Luckily, the date offered this year is a Saturday. They’ll do four or five 30- to 40-minute shows that day, singing in front of their own prerecorded background music.
The group, which formed in 2013, was contacted for the gig by a radio station in Knoxville, Tenn., which books acts for one of the Dollywood stages. They’ll take family members along and make a mini-vacation of it.
Along with Tantlinger, group members are her sister, Melissa Tressler of Mt. Pleasant, and their friend, Kelli Moore of Roaring Spring, Blair County.
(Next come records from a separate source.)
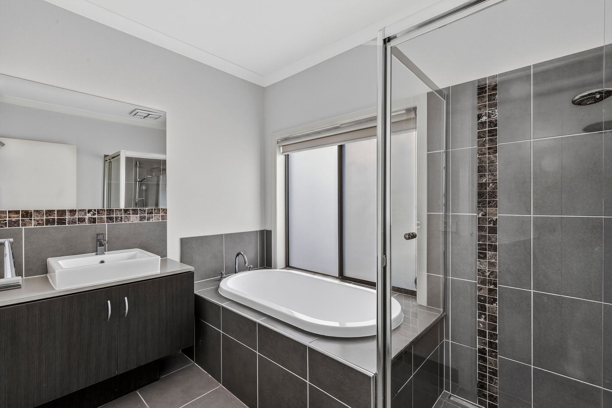 Main Bathroom: Bath, single vanity with stone benchtops and ample storage, large mirror, tiled splashback frosted window with roller blind, fully tiled shower with and handheld shower head, separate toilet, towel rack.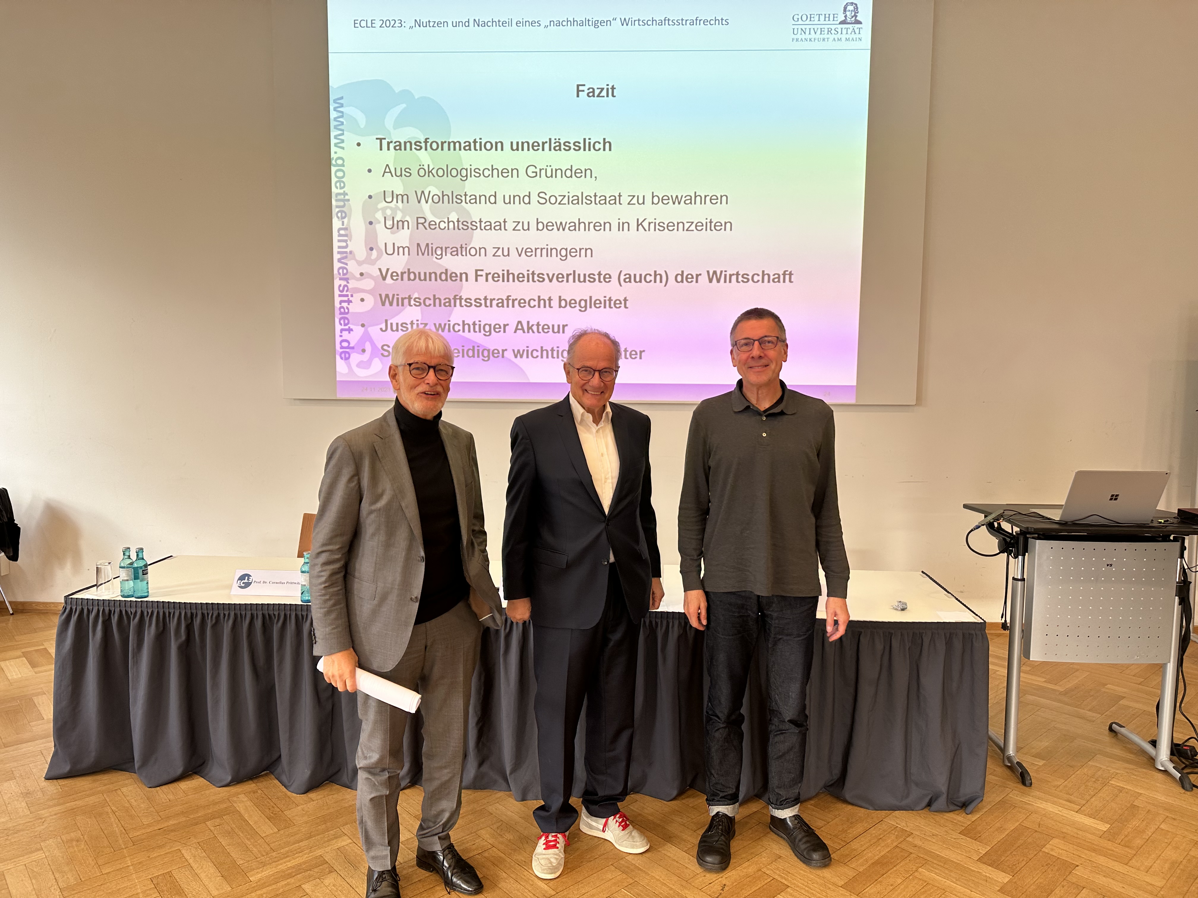Am 24./25.11.2023 fand an der Goethe-Universität ECLE XIII: Nutzen und Nachteil eines "nachhaltigen" Wirtschaftsstrafrechts statt. Im Zentrum des Symposions stand die – scheinbare – Ambivalenz zwischen Wirtschaft und Nachhaltigkeit sowie die Strategien des Rechts, sogenannte „externe Effekte“ des Wirtschaftens zu internalisieren und Steuerungsparadoxien zu beseitigen.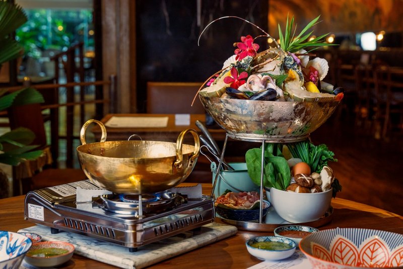 สำหรับเซ็ตเนื้อประกอบไปด้วย เนื้อริบอาย เนื่อเซอร์ลอย ลูกชิ้นเนื้อและหมู เนื้อไก่ สันคอหมู ผักสดต่างๆ เห็ด ไข่ไก่ และน้ำซุปไก่รสชาติกลมกล่อม สำหรับเซ็ตทะเล อิ่มอร่อยไปกับกุ้งล๊อบสเตอร์ภูเก็ต กุ้งแม่น้ำ หอยเชล หอยแมลงภู่ ปลาหหมึกสด ปลากระพง ผัดสดต่างๆ ไข่ไก่ และน้ำซุปมีให้เลือกระหว่างซุปปลาหรือซุปต้มยำ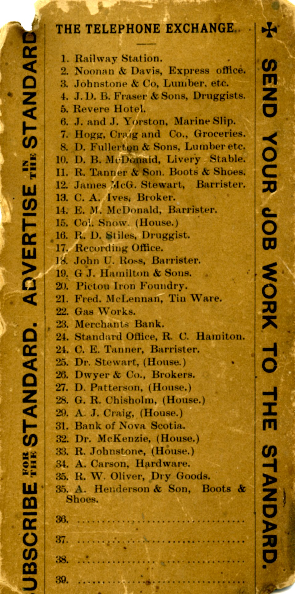Telephone directory for stores, companies, and homes in the Pictou area from the later half of the 1800s.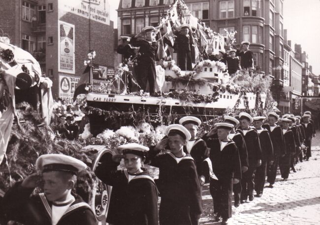 Vergroting. - Formaat : 30 x 42 cm. - Leerlingen van het Koninklijk Werk IBIS rond de praalwagen "Car-Ferry" van het Zeewezen in de bloemencorso van 1950 op het Wapenplein.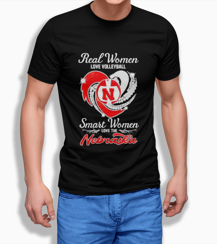Real Women Love Volleyball Smart Women Love The Nebraska N Heart T-Shirt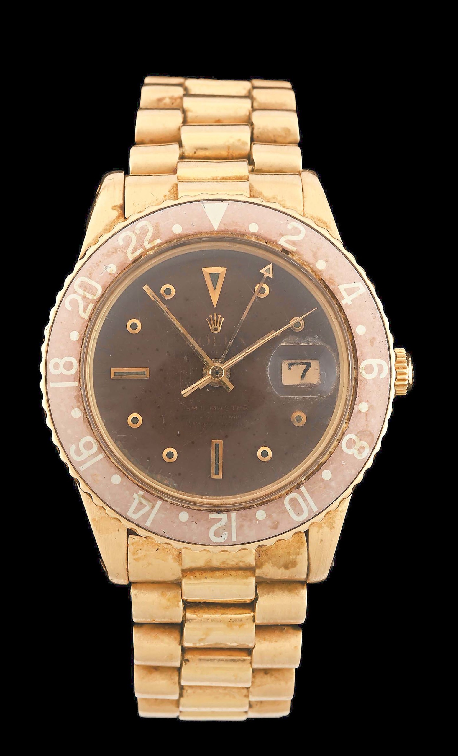 With a brown dial, this men’s Rolex Oyster Perpetual GMT Master in 18K gold was bid to $29,520, despite some condition issues ($6/9,000).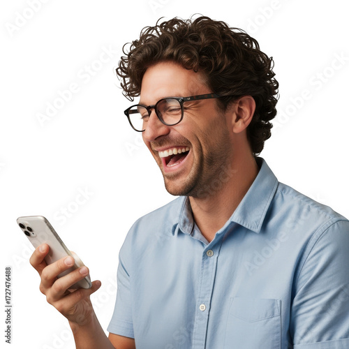 Man wearing glasses laughing while looking at his smartphone isolated on transparent background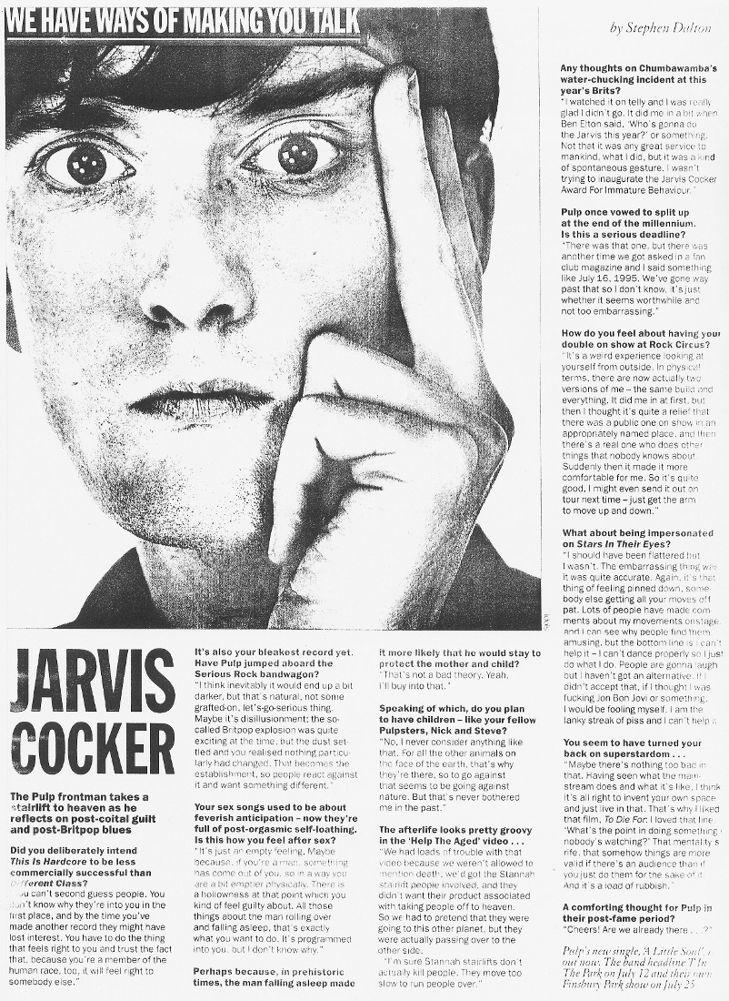 In this country a lot of people tended to resent us for not making another record that sounded like Different Class, as if we were being bait…..churlish," Cocker says, eye lids fluttering behind mauve-tinted '70s specs. "But that formulaic approach doesn't appeal to me at all. I couldn't live with myself. The trouble is, if you become aware of the fact that people know who you are, that can sometimes make you bait self-conscious and you worry about people's expectations. You have to get beyond that and back on an instinctive level. Otherwise you produce rubbish."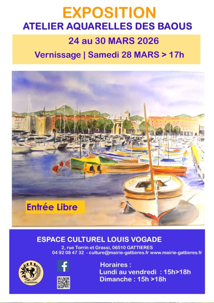 Exposition de l’Atelier Aquarelles des Baous, du 24 au 30 mars, espace culturel Louis Vogade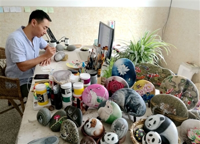 郝壯幾乎把所有業余時間都用在了手繪石頭上,不少工友都認為他“不務正業”。“搞藝術真的有前途嗎?”王麗也曾一度懷疑老公的選擇,“我十分支持他的愛好,但看他下班后搗鼓那些石頭,又不能變成錢,畢竟要養家糊口啊,讓人著急啊。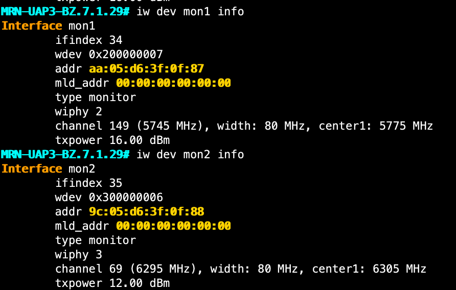 While capture is running, if you check the ‘mon1‘ and ‘mon2‘ interface info, you can see them as ‘monitor mode’ interfaces.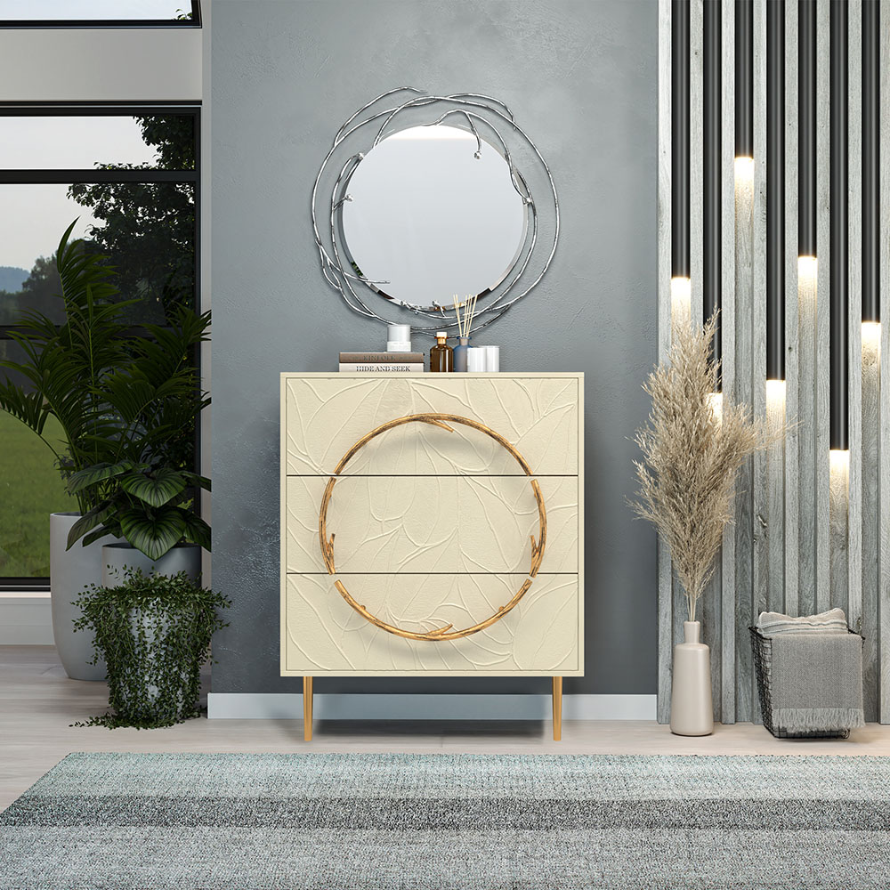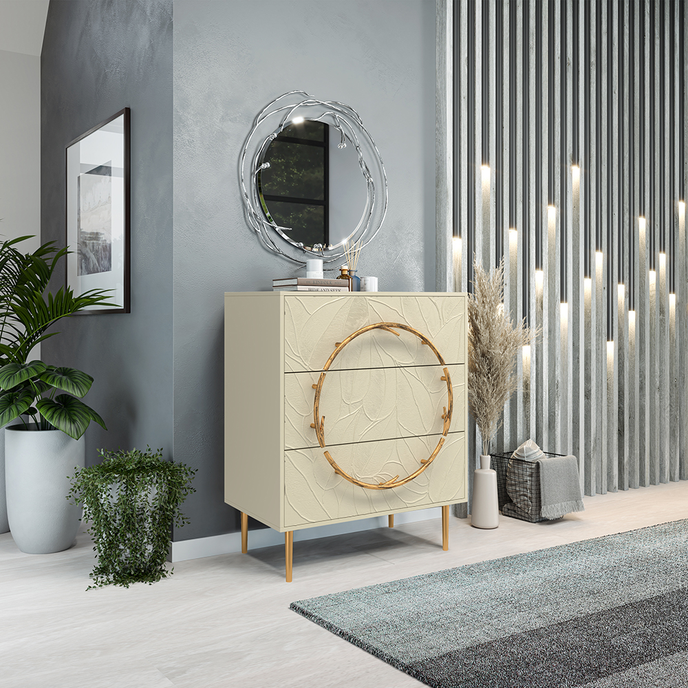 Комод Арт Колор с 3-мя ящиками leaves Стайл Сильвер Серый шелк
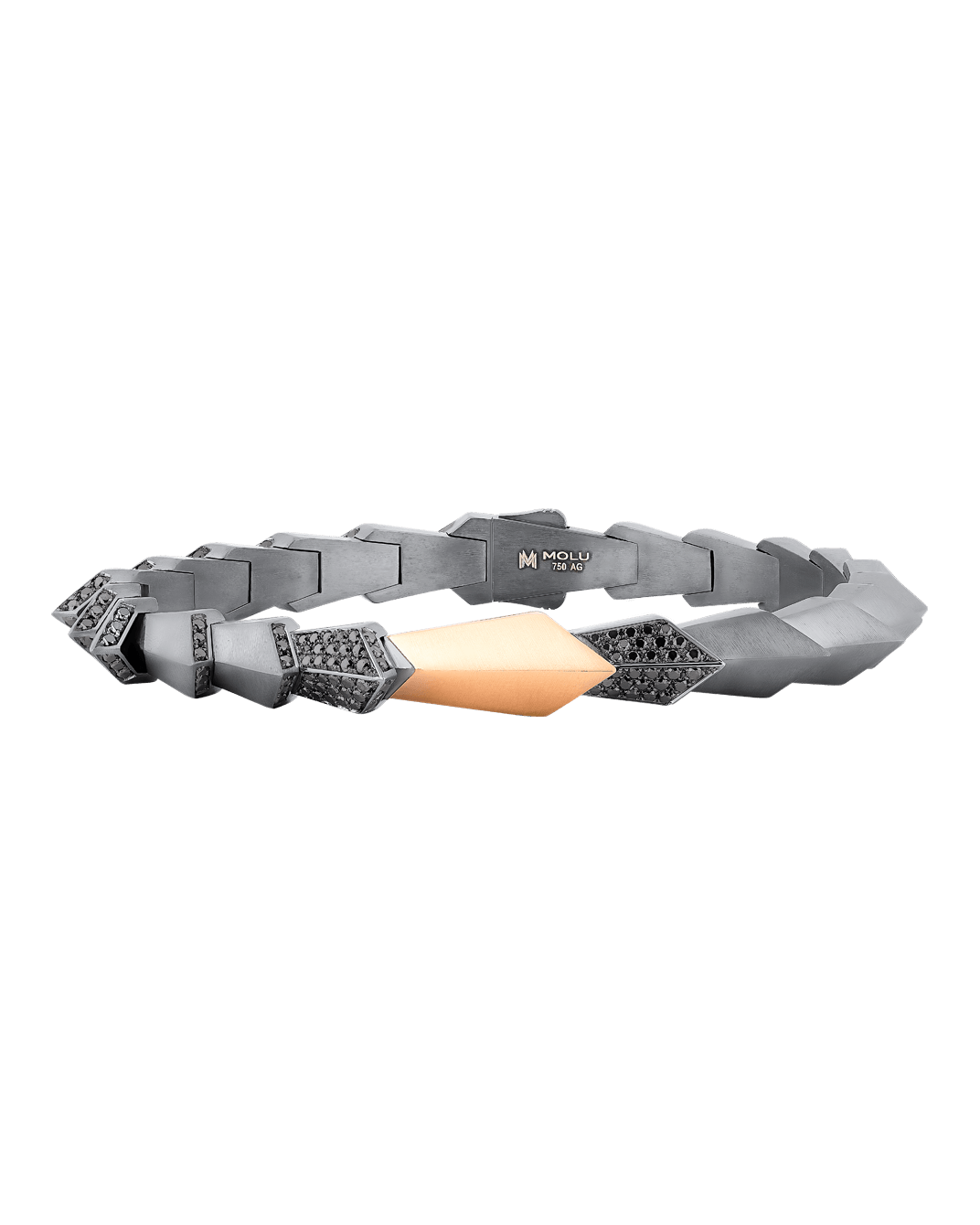Asaleti ve gücü modern bir şıklık ile tamamlayarak günümüzün trendlerini yansıtan Molu Guard of Men koleksiyonu, tarihi zırhların formlarını taşıyan detaylarla da dikkat çekiyor. Keskin kenarları ve düşmanın gözünü alan parlaklığıyla yüzyıllar öncesindeki izleri yorumlayan ve muhteşem bir tasarıma dönüştüren koleksiyonumuz; şehirli, modern erkeğin mücevherini yaratıyor. Bazen bir mızrağı, bazen bir miğferi, bazen de bir oku anımsatan mücevherler, en iyi ustalarımızın elinde hayat buluyor. Siyahın gücünü ve sihrini kullanan ve onu değerli taşların ve altının parlaklığıyla buluşturan Molu tasarımcıları, Molu Guard of Men koleksiyonun her bir tasarımını nadide bir parçaya dönüştürdü.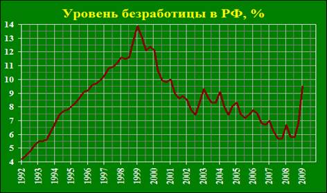 1 июля 1991 года началась официальная регистрация безработных в городах России. Российская система службы занятости, созданная в соответствии с принятым в 1991 году законом РФ «О занятости населения в Российской Федерации» стала посредником в поиске работы гражданами и работников работодателями. В 1995 году число безработных увеличилось почти вдвое по сравнению с 1992 (по результатам обследования населения по проблемам занятости число безработных в стране составило 6,6 млн. человек). В 1998 году число безработных превысило 7 миллионов человек, что не могло не сказаться на уровне экономической активности населения. С 1999 года уровень безработицы стал снижаться (Приложение 1)[6] .

Tantlinger and Tressler began singing at ages 11 and 9, respectively, with the Gospel Rays, a group formed by their parents, Ray and Audrey Eutsey. The sisters met Moore on the gospel circuit, where she began singing at age 3 with her own father’s group.
“We’ve been friends since we were kids,” Tantlinger said. “Melissa and I always loved Kelli’s voice.”
Tantlinger said that Moore also sang as a soloist at gospel festivals, where the rule was that a group would get a half-hour of stage time, but a soloist was only allowed two songs.
“We didn’t think it was fair that she only got two songs, so we formed a backup group to sing with her, so she would get more time,” she said.
Tantlinger said that work and family obligations caused her to retire from the Gospel Rays after 30 years. A few years later, she was talking with Tressler about wanting to sing again, when Moore invited them to sing with her at church.
They reformed as New Journey.
“We always say that the three of us have well over 100 years of experience, but this is a new journey for us,” she said.
In normal times, New Journey will have about 40 bookings between March and November and take the winter off. Last year, that number dropped to 15. They’re at 15 for 2021 and hope to add about five more, Tantlinger said.
They sing at churches and festivals and perform the national anthem and “God Bless America” for the Altoona Curve baseball team. They’ve been on call to sing the anthem for the Pittsburgh Pirates, which they hope leads to an actual date at PNC Park, Tantlinger said.
Their sound is progressive Southern gospel, which Tantlinger said mixes contemporary touches with a traditional gospel sound.
That’s what the Dollywood audience will hear, she said.
“The only stipulation, at Dolly’s request, is that all the songs are upbeat, so that means no ballads,” she said.
“People tell us, ‘If you girls sang secular music, you could make a lot of money,’” she added. “But that’s not what we’re in it for. It’s a ministry.”